Walmart Shelves Emptied in Food Stamp Shopping Spree
(MANSFIELD, La.) — Louisiana officials are trying to decide what to do about a massive shopping spree by families on food stamps when a power outage lifted the caps on their spending cards.
Police were called to Walmarts in Mansfield, La., and Springhill, La., on Saturday as shoppers cleaned out store shelves.
Springhill Police Chief Will Lynd said some customers were pushing more food than any household could store in a refrigerator and freezer.
“I saw people drag out 8 to 10 grocery carts,” he said.
Lynd said customers were “not unruly.” There were no fights or arrests made, but the scene was still chaotic, he said.
“It was definitely worse than Black Friday. It was worse than anything we had ever seen in this town,” Lynd said. “There was no food left on any of the shelves, and no meat left. The grocery part of Walmart was totally decimated.”
He said one customer made about $700 in food purchases.

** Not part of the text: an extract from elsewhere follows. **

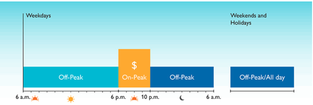 With TOU rates, the utility charges different prices depending on the time of day. During peak hours when demand on the grid is highest (6-10 p.m. on weekdays), electricity costs more. But by shifting energy-intensive tasks, like running the dishwasher or charging an EV to off-peak hours such as midday or late at night on weekdays, those enrolled in the TOU program will pay substantially less per kilowatt hour. This simple change saves you money and benefits everyone by reducing demand on our shared electricity grid. Please note that without conscientious, behavioral changes, and awareness of your personal energy usage patterns, individuals do run the risk of paying more on this rate.

Lynd said that around 9 p.m. CT on Saturday, a Walmart employee made an announcement on the intercom saying that the computer system had been restored and card limits had returned. At that time, customers left shopping carts full of food in store aisles.
“At that point in time, they knew the jig was up and they couldn’t purchase what they wanted to,” Lynd said.
The Department of Agriculture, which administers the food stamp program and has limited staff due to the government shutdown, did not return a request for comment.
The Louisiana Department of Children and Family Services’ spokesman Trey Williams said the agency is meeting Monday to discuss how to handle the issue.
The shopping frenzy was triggered when the Electronic Benefits Transfer system went down because a back-up generator failed at 11 a.m. EST Saturday during a regularly-scheduled test, according to Xerox, based in Norwalk, Conn., a vendor for the EBT system.
The outage allowed recipients to spend unlimited amounts of money because the spending limit was removed from their EBT cards.
The EBT system was affected in 17 states, where individuals and households access programs like Supplemental Nutritional Assistance Program (SNAP) and Temporary Assistance for Needy Families.
“The loss of power triggered a preventative shutdown of the EBT system to protect its overall integrity,” according to a statement from Xerox spokesman, Kevin Lightfoot. “While the system was restored within 22 minutes, the network experienced connectivity issues until our technical staff were able to re-establish full access just before 10 p.m. EST.”
Lynd said the Springhill Walmart store manager called police on Saturday morning to ask for advice over crowd control. When he arrived, Lynd told the Walmart staff that they had the right to refuse service if they chose to, but Walmart’s corporate office advised the store to allow customers to purchase what they wanted with the cards.
A spokeswoman for Walmart, Kayla Whaling, said the frenzied shopping in Louisiana “was isolated and is not representative of the what our stores experienced across the country.”
Xerox said that it continues to “investigate the cause of the issue so we can take steps to ensure a similar interruption does not re-occur.”